▸ **Exercise details**: No pictures, no extra lines: copy exactly from the line with "昨天兴利逆势收蛋43个!作为普通工薪族,我理财就图个安稳又有收益。兴利二级债基固收 + 类型,股债双轮驱动,近一个月在同类里排前" through the end of the entries.
Information START
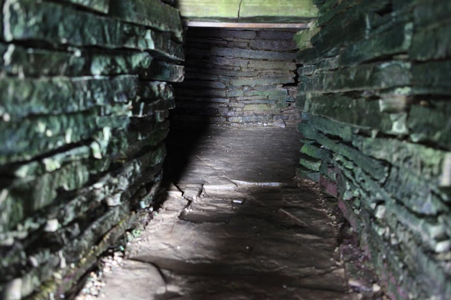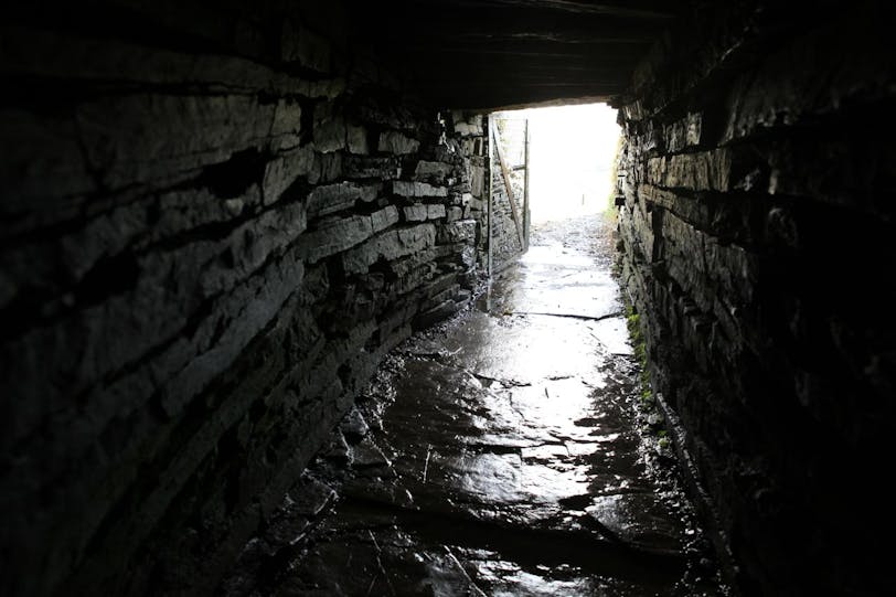 The third chamber cairn (Cuwee) was at the top of a steep hill and its passage was the smallest one yet - I only barely managed to inch along down the passage without getting on my hands and knees, but did end up putting my hands on the muddy stones in the end anyway. Yuck.
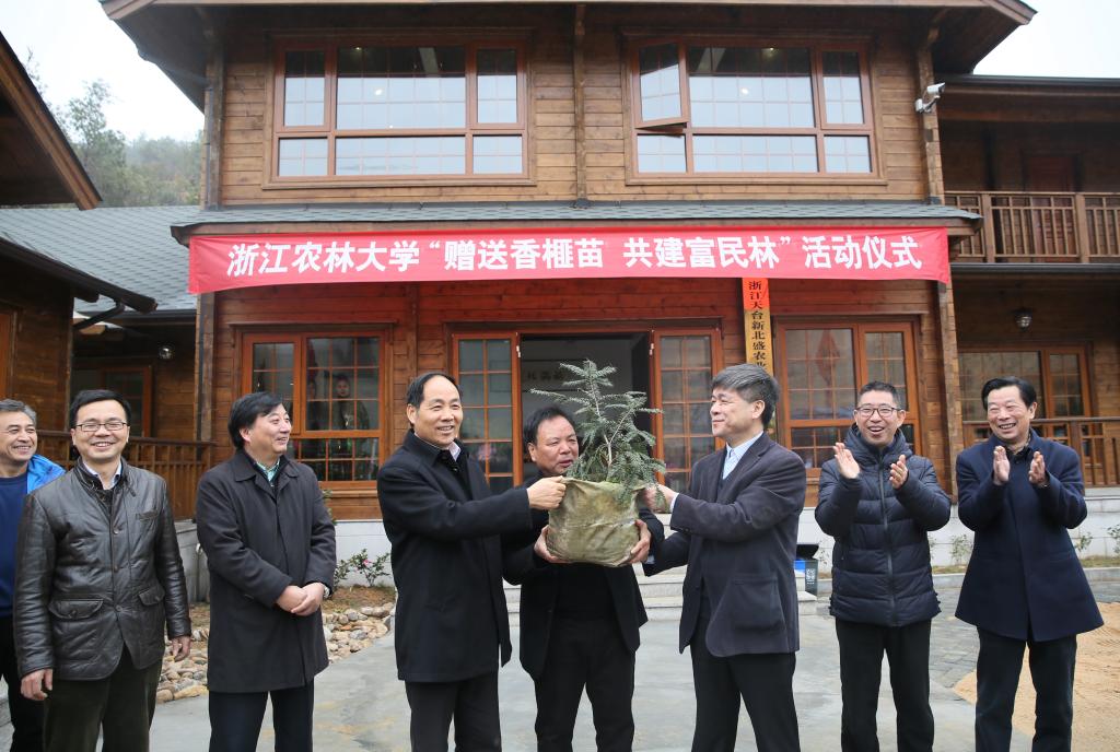 周国模、吕华等领导向石梁镇东溪村农民党员代表、浙江天台新北盛农业科技发展有限公司总经理赵中槐赠送了香榧苗。这次我校与省教育厅开展“赠送香榧苗,共建富民林”活动,旨在进一步深化我校与省教育厅合作帮扶工作,发挥学校科技优势,加强帮扶力度,结合当地实际开展精准帮扶,促进石梁镇农业特色强镇建设,助推农民增收致富。
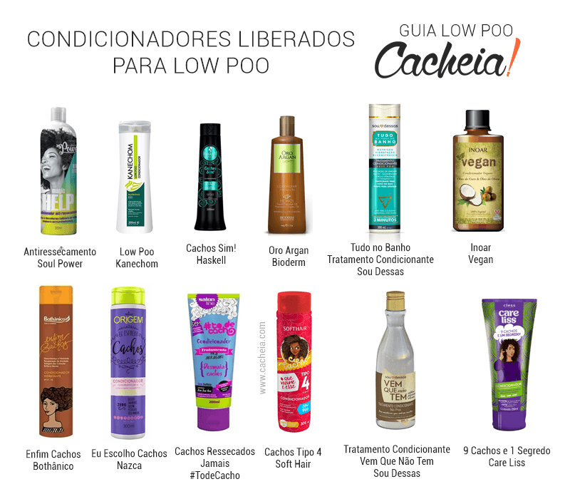 Depois de começar a técnica você poderá usar shampoos sem sulfato para higienizar os fios. No final dessa postagem você encontrará alguns exemplos de shampoos “liberados para low poo”. Quem segue o low poo não precisa obrigatoriamente fazer co-wash. O co-wash é a estrela do no poo. Mas se você quiser, pode fazer co-wash às vezes. Mas óh: use o shampoo sem sulfato pelo menos uma vez por semana, não vai esquecer heim! Se você está seguindo o low poo, você não deve substituir o shampoo low poo só por lavagem com condicionador. O condicionador comum não é capaz de fazer uma limpeza eficiente nesse caso. Aliás, uma boa dica é usar um condicionador específico para co-wash. Olha aí os exemplos:
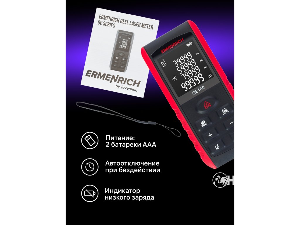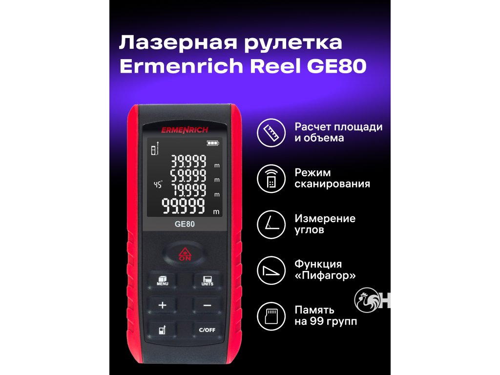 Laserový měřič Ermenrich Reel PRO GE80 je univerzální měřicí přístroj, který je užitečný pro mnoho technických, stavebních, opravárenských a domácích prací. Umožňuje měřit nejen vzdálenost, ale také vypočítat objem, plochu a úhly. Funkce Pythagorovy věty byla přidána pro případ, že není možné měřit vzdálenost po přímce (například v dráze laserového paprsku jsou překážky). V tomto případě přístroj provede výpočty na základě průběžných měření.
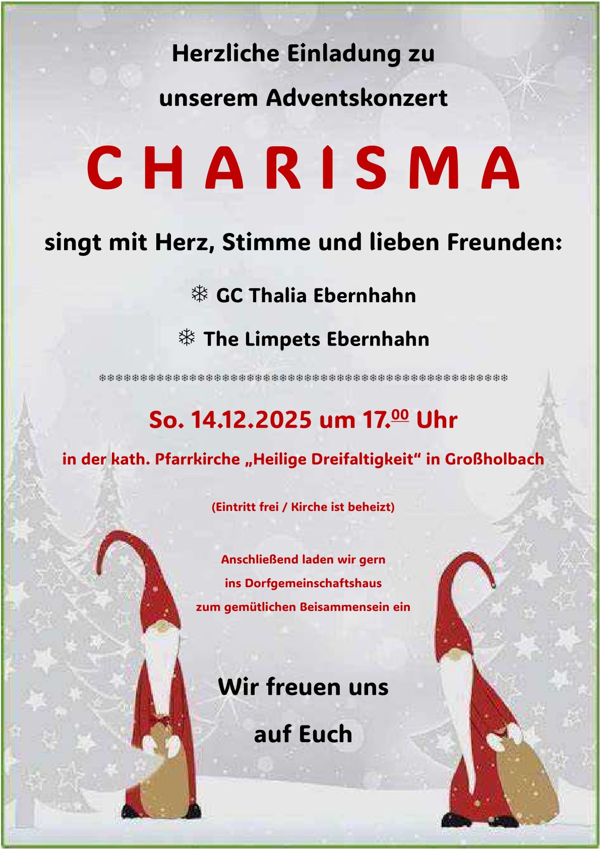 Der Frauenkirchenchor Charisma lädt zum vorweihnachtlichen Adventskonzert in die Kirche Großholbach ein. Als Gäste sind dabei, Gemischter Chor Thalia Ebernhahn und das Duo “The Limpits”. Man darf sich auf ein abwechslungsreiches und interessantes Programm freuen.
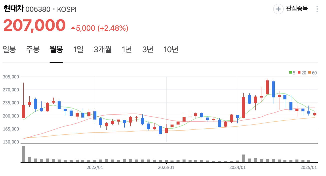 2025년 2월 현재, 현대차 주가는 207,000원으로 +2.48% 상승 중에 있습니다. 전기차 성장 기대감과 수출 실적 개선으로 성장을 보이는 도중 관세 전쟁을 통해서 하락을 하였지만 다시 회복을 하고 있는 것을 알 수 있습니다.
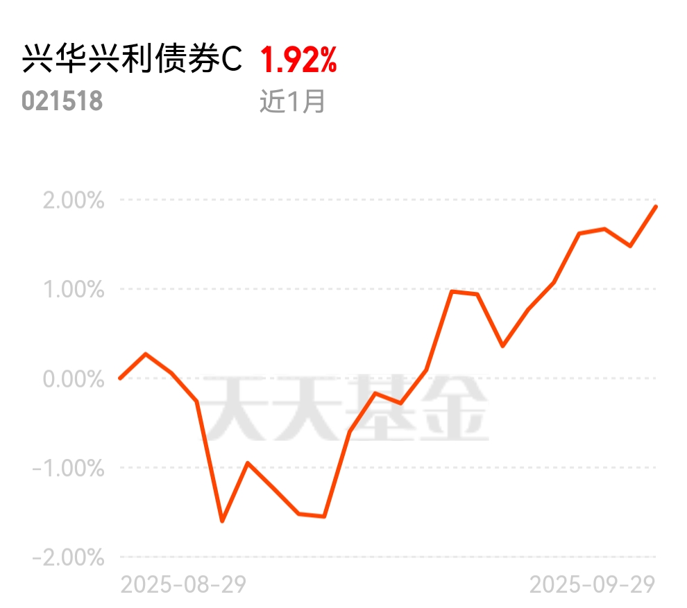 昨天兴利逆势收蛋43个!作为普通工薪族,我理财就图个安稳又有收益。兴利二级债基固收 + 类型,股债双轮驱动,近一个月在同类里排前 2%,不用费太多心思,还能有不错的收益,很适合我。$兴华兴利债券C$
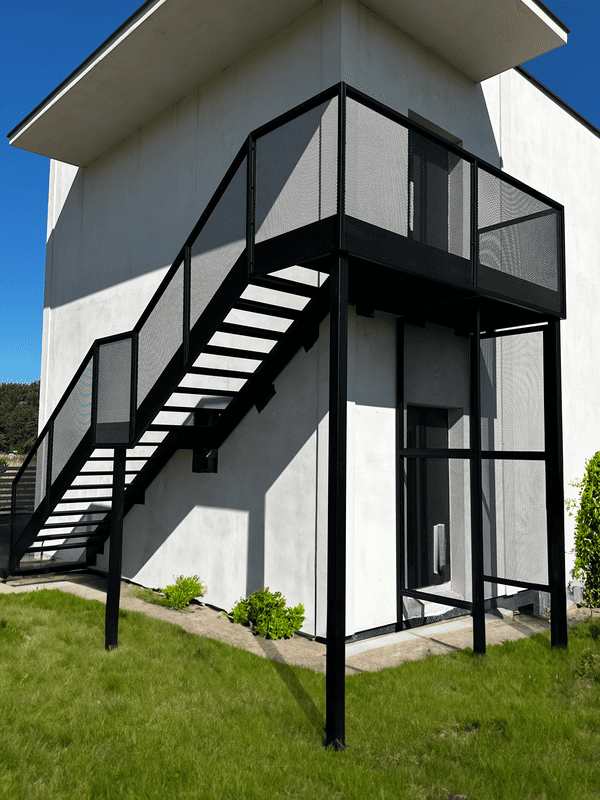 Balustrada z siatki cięto-ciągnionej w stalowej ramie jest lekka wizualnie, a jednocześnie odporna na obciążenia i łatwa w utrzymaniu. Geometria oczek podkreśla techniczny charakter całości.
Information END
▸ **Answer space**:
 昨天兴利逆势收蛋43个!作为普通工薪族,我理财就图个安稳又有收益。兴利二级债基固收 + 类型,股债双轮驱动,近一个月在同类里排前 2%,不用费太多心思,还能有不错的收益,很适合我。$兴华兴利债券C$
 Balustrada z siatki cięto-ciągnionej w stalowej ramie jest lekka wizualnie, a jednocześnie odporna na obciążenia i łatwa w utrzymaniu. Geometria oczek podkreśla techniczny charakter całości.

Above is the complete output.